PROBLEM DESCRIPTION ▸
Once the line with "邀请山东农业大学大学生心理健" is found in the entries below, print it and each following line exactly, stopping after the line with "1930s Advance 1686"; print nothing else.

RECORDS SUPPLIED ▸
---*---

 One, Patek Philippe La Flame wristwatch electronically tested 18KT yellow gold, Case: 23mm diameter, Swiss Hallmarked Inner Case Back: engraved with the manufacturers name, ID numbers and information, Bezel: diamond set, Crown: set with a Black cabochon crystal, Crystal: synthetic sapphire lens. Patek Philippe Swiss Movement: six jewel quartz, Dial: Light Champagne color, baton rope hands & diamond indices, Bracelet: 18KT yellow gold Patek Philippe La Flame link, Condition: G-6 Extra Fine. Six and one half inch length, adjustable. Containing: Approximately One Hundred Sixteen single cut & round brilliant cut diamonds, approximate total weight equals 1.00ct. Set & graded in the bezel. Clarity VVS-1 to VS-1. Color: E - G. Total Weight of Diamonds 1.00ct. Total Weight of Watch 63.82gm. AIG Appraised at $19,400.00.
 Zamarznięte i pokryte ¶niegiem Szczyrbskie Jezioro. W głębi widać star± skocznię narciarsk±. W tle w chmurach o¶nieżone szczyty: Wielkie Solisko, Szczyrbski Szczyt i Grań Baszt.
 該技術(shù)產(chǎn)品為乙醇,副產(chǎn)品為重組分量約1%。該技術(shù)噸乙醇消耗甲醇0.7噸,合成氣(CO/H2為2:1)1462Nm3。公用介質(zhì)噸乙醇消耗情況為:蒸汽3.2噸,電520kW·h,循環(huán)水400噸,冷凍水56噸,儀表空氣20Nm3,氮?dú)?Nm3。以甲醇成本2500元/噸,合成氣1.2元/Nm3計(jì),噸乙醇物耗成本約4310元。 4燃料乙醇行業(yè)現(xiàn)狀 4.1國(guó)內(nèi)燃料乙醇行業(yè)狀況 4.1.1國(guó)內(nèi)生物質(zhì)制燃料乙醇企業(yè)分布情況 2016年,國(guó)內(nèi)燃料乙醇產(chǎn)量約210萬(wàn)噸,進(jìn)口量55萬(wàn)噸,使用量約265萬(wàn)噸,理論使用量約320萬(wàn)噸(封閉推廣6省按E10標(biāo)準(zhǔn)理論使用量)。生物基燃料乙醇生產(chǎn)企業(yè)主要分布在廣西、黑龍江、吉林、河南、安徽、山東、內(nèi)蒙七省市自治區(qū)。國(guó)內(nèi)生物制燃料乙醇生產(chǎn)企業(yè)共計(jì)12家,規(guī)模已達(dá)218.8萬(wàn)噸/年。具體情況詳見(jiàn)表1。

---*---

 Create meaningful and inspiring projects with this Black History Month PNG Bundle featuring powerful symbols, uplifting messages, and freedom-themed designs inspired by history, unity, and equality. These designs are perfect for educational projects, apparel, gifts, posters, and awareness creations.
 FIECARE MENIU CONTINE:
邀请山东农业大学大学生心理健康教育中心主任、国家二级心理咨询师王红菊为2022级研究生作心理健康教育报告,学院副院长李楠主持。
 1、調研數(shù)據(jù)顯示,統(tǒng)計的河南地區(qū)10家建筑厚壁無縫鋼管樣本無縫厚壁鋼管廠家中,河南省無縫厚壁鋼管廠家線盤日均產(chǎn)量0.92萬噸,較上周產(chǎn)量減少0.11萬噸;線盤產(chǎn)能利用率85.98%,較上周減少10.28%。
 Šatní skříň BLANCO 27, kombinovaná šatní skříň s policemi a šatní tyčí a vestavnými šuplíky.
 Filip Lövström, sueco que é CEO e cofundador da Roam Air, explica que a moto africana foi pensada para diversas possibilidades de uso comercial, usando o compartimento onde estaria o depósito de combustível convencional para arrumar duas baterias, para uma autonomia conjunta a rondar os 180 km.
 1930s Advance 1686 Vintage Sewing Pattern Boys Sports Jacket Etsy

---*---

SOLUTION ▸
邀请山东农业大学大学生心理健康教育中心主任、国家二级心理咨询师王红菊为2022级研究生作心理健康教育报告,学院副院长李楠主持。
 1、調研數(shù)據(jù)顯示,統(tǒng)計的河南地區(qū)10家建筑厚壁無縫鋼管樣本無縫厚壁鋼管廠家中,河南省無縫厚壁鋼管廠家線盤日均產(chǎn)量0.92萬噸,較上周產(chǎn)量減少0.11萬噸;線盤產(chǎn)能利用率85.98%,較上周減少10.28%。
 Šatní skříň BLANCO 27, kombinovaná šatní skříň s policemi a šatní tyčí a vestavnými šuplíky.
 Filip Lövström, sueco que é CEO e cofundador da Roam Air, explica que a moto africana foi pensada para diversas possibilidades de uso comercial, usando o compartimento onde estaria o depósito de combustível convencional para arrumar duas baterias, para uma autonomia conjunta a rondar os 180 km.
 1930s Advance 1686 Vintage Sewing Pattern Boys Sports Jacket Etsy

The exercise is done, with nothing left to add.